▶ _Available data_:
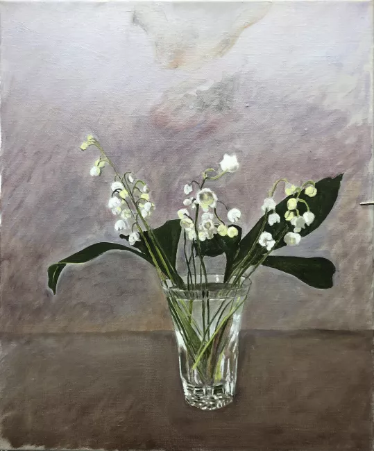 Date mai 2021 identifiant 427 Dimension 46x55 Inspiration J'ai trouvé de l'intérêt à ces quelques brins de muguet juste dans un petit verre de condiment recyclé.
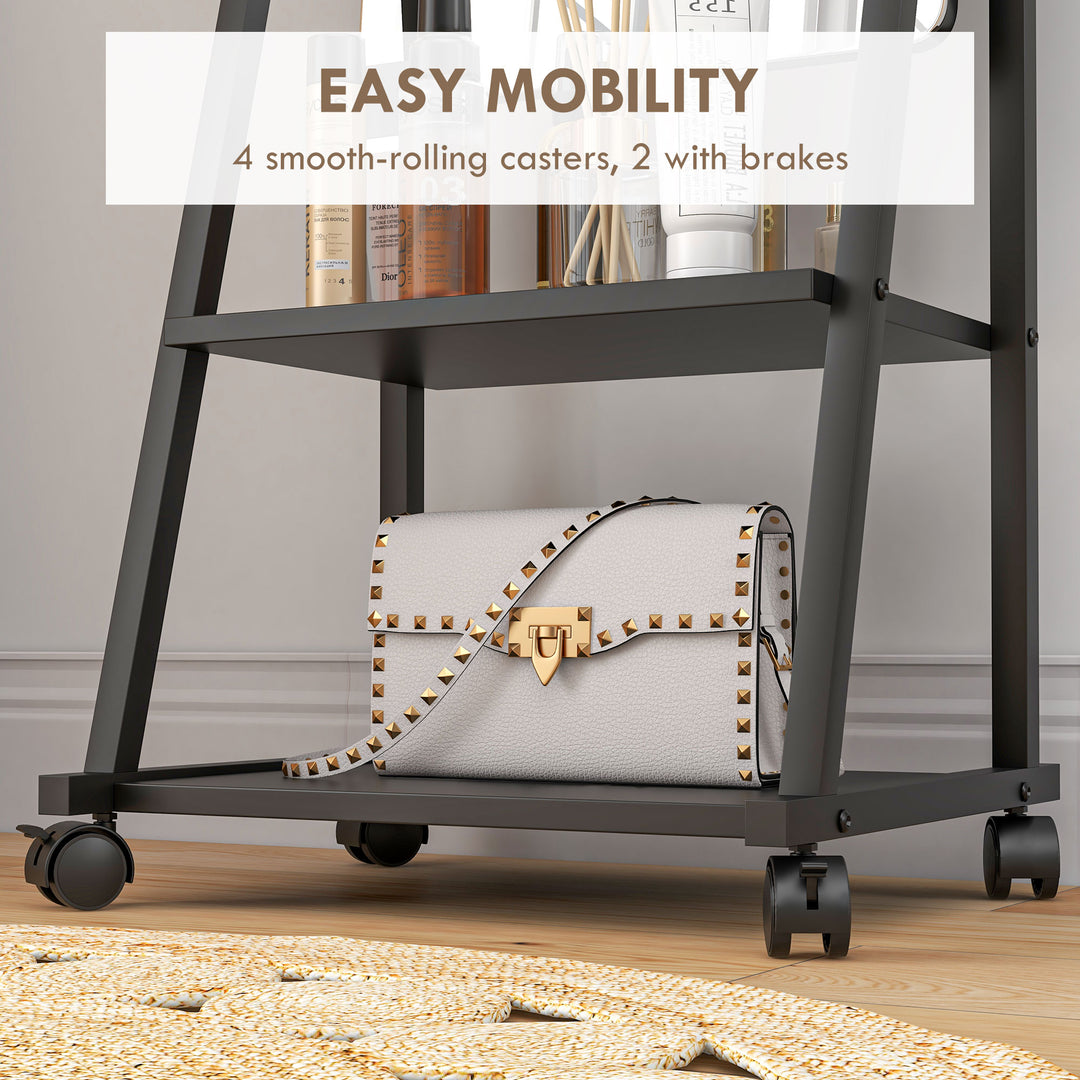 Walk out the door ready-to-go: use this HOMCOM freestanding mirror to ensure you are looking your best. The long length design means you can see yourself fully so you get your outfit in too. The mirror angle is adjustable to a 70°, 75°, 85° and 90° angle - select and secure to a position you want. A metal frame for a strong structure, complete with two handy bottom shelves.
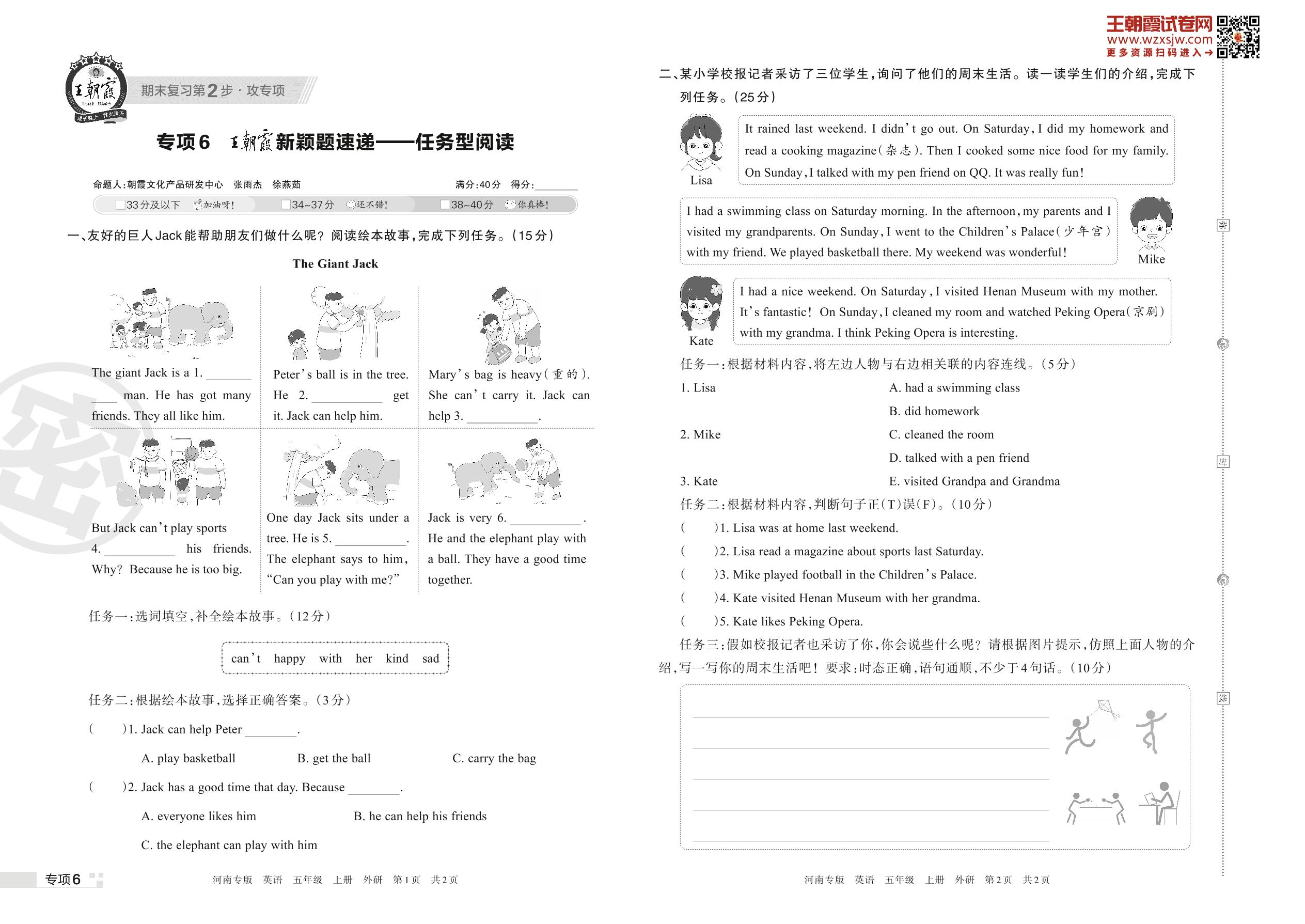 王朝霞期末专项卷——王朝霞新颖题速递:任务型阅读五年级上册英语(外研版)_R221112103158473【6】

▶ _Work instruction_:
Starting at the line that holds "Walk out the", reproduce each line through the last one of the listing, and nothing more; the pictures stay out.

▶ _Solution for this problem_:
 Walk out the door ready-to-go: use this HOMCOM freestanding mirror to ensure you are looking your best. The long length design means you can see yourself fully so you get your outfit in too. The mirror angle is adjustable to a 70°, 75°, 85° and 90° angle - select and secure to a position you want. A metal frame for a strong structure, complete with two handy bottom shelves.
 王朝霞期末专项卷——王朝霞新颖题速递:任务型阅读五年级上册英语(外研版)_R221112103158473【6】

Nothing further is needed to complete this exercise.